Attualità Rimini | 13:20 - 13 Gennaio 2019 Paolo Maggioli (a sinistra) e Manuela Fabbri (a destra) Paolo Maggioli (a sinistra) e Manuela Fabbri (a destra).

Il presidente Confindustria Romagna, Paolo Maggioli, in un'intervista alla Rai, ha dato il suo benestare sia ai lavori della Tav che alle trivellazioni di gas, sia in terra che per mare. Sulla Tav ha aggiunto l'auspicio che i treni ad alta velocità possano transitare anche in Romagna, anziché deviare da Bologna sull'altro versante. Una posizione che ha scatenato la reazione di Manuela Fabbri, Vicepresidente del comitato "Basta plastica in mare".

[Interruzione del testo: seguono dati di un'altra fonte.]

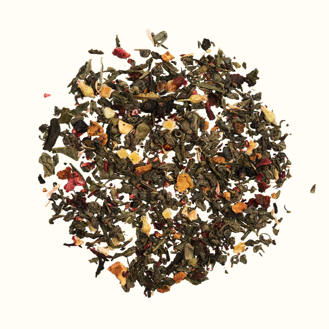 Πράσινο Τσάι, Μάγκο, Ιβίσκος, Φραγκοστάφυλο, Άγριο Τριαντάφυλλο και Μούρα. Μία φανταστική σύνθεση με ολόκληρα κομμάτια φρούτων που συνθέτουν ένα ρόφημα με έντονο άρωμα και φρουτώδη γεύση. Πλούσια σε αντιοξειδωτικές ιδιότητες και βιταμίνες.
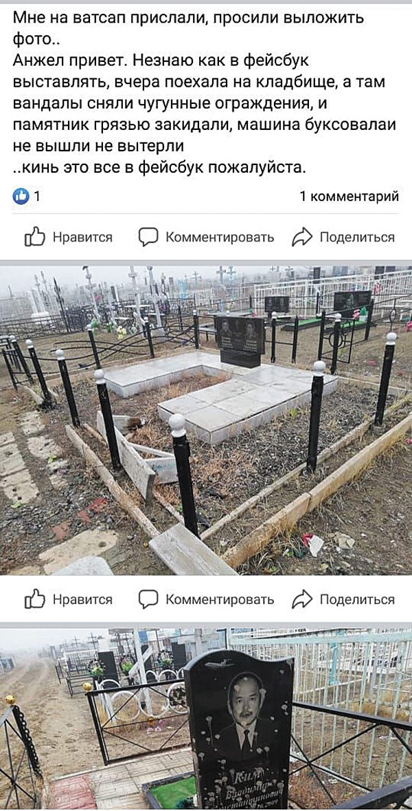 – У нас такого факта (связанного с публикацией в “Фейсбуке”. – Прим. авт.) по регистрации нет, – заявил заместитель начальника управления полиции г. Атырау Айбек ТЛЕШЕВ. – Официально к нам по этому поводу никто не обращался. По идее, мы их должны вызвать, нам нужны данные заявителей. Обязательно проверим, будем реагировать. В прошлом году было 3 факта воровства на кладбище. Воров, укравших чугунные ограждения, найти не удалось, а похищенные ограждения отыскали в пункте приема металлолома.
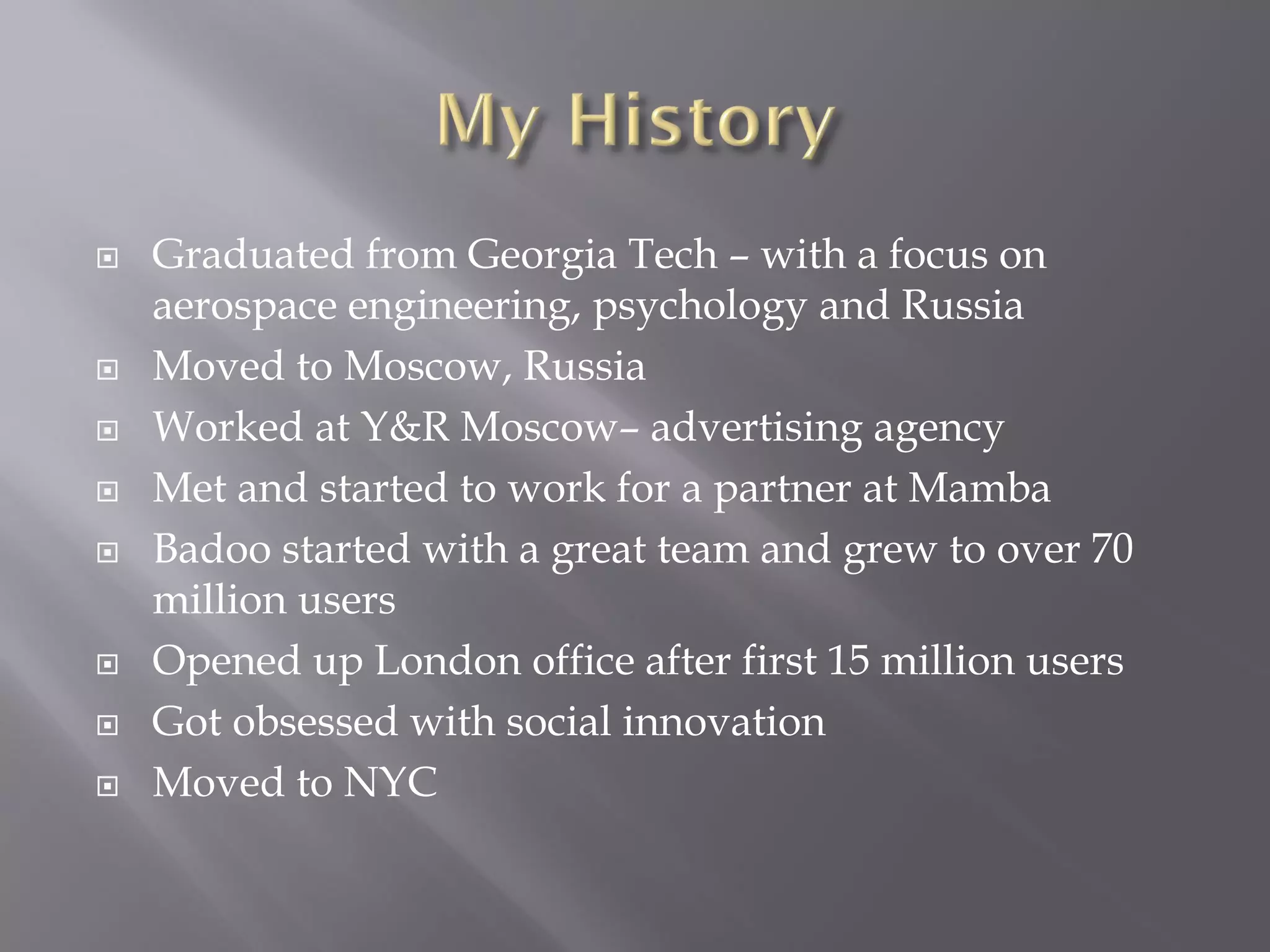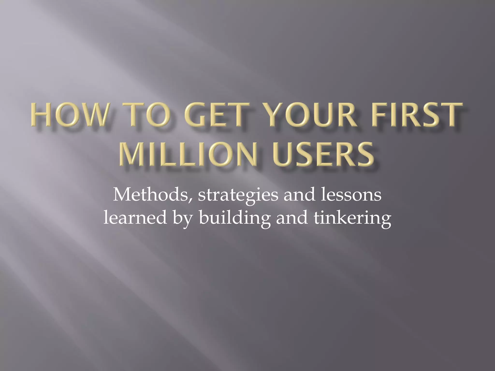 The document outlines strategies and insights from a professional with a background in aerospace engineering and advertising, detailing their experience in user acquisition for platforms like Badoo. Key elements include the importance of data analysis, user behavior measurement, and the effectiveness of viral marketing. It emphasizes that while a good product retains users, attracting them often requires marketing strategies beyond traditional public relations.

LA PROPOSTA DI MAGGIOLI. Il presidente di Confindustria Romagna Maggioli ha sottolineato che le infrastrutture come la Tav sono fondamentali per fare crescere l'economia del territorio e che le trivellazioni "sono una grande risorsa economica, soprattutto per le attività portuali di Ravenna", aggiungendo che "sarebbe un enorme danno chiuderle come vogliono gli ambientalisti e solamente come scelta ideologica"

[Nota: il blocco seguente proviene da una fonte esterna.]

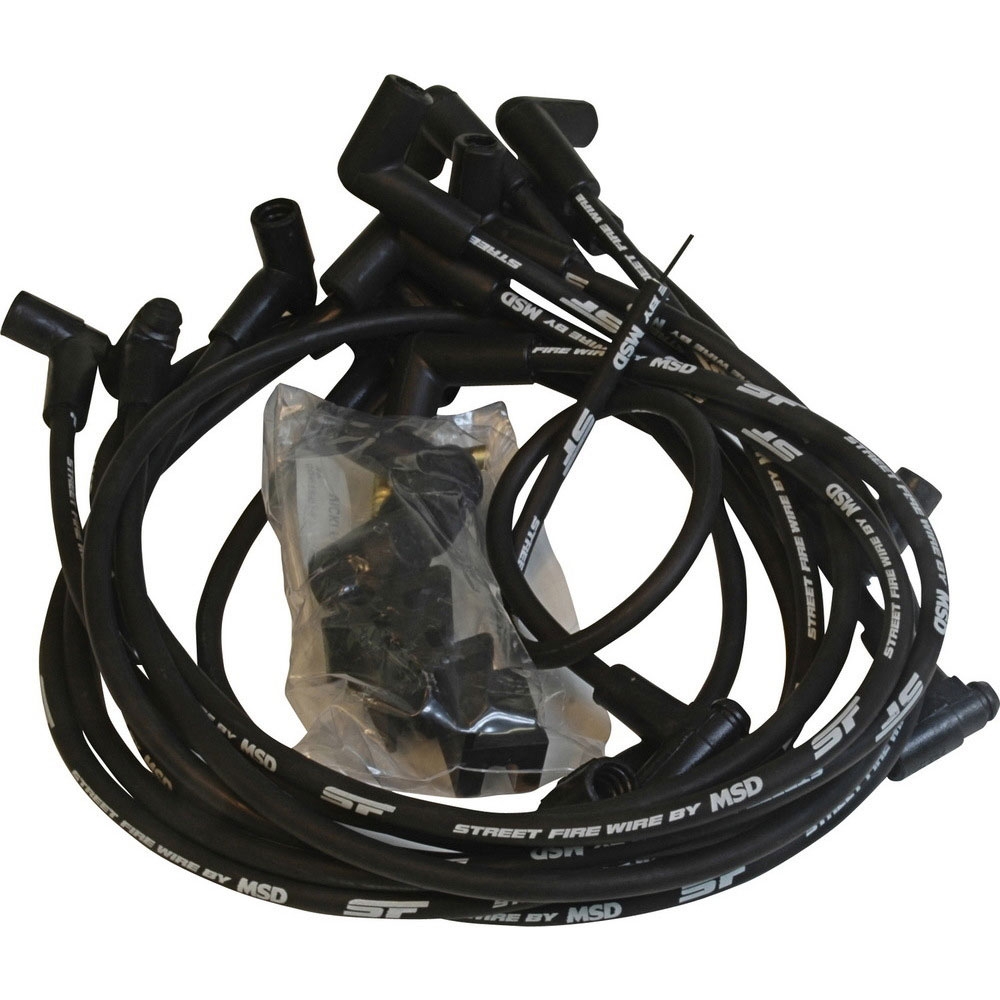 The terminals are covered in black boots that protect the conductor from engine heat to ensure spark delivery. The Street Fire Spark Plug Wires feature a low resistance conductor that's wrapped in a sleek and durable black sleeve.
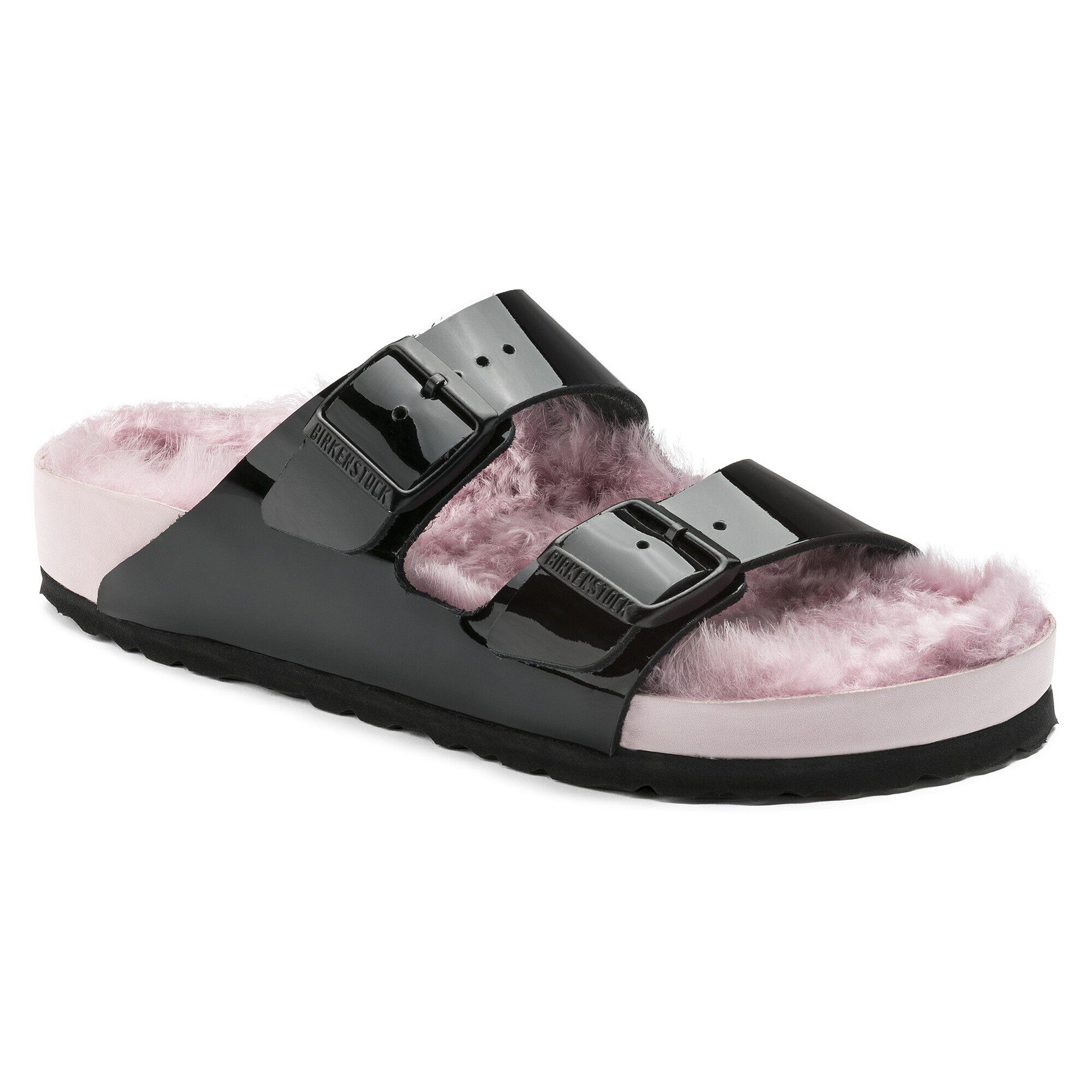 共同制作による限定デザインは実用的でありながら遊び心のある革新的なデザインです。ひとつは、ビルケンシュトックの定番であるアリゾナにカラフルなファーライニングを組み合わせたもので、ブラックのパテントレザーとピンクのファーライニング、ピンクレザートリムによるコントラストが印象的です。もうひとつはアリゾナをベースに、ダークグレーのベロアレザーにオーバーサイズのメタリック バックルとブルーのファーライニング、グレーレザートリムを組み合わせたモデルです。

LA RISPOSTA DEL COMITATO. Manuela Fabbri precisa che, per quanto concerne la Tav Torino Lione, sia necessario concludere i lavori, in primis per la riduzione del traffico su ruote, in secondo luogo perché comunque danni ambientali, durante i lavori, si sono già verificati ed è probabilmente inutile tornare indietro. Ma è ferma l'assoluta contrarietà alle trivelle, "pur col referendum perso per mancanza di quorum e nonostante il 'ciaone' del Pd". L'invito del comitato è di non essere insensibile alle emergenze ambientali: "Il contenimento dei repentini cambiamenti climatici, la sopravvivenza delle specie animali e vegetali del mondo, sta nella riconsiderazione di scelte con consumi e stili di vita, fin qui prese. E poiché molte sono state contro la natura, per il futuro di aria, acqua, terra che lasceranno le attuali generazioni sarà essenziale averle cambiate". L'invito al presidente di Confindustria è ad aiutare "i giovani ad avere consigli e magari finanziamenti dagli industriali più affermati per creare lavoro sulle energie rinnovabili, nel recupero e riuso della plastica e di tutti i materiali di scarto e riciclabili in grado di produrre biogas, evitando di violentare terra e mare e creare subsidenza trivellandolo".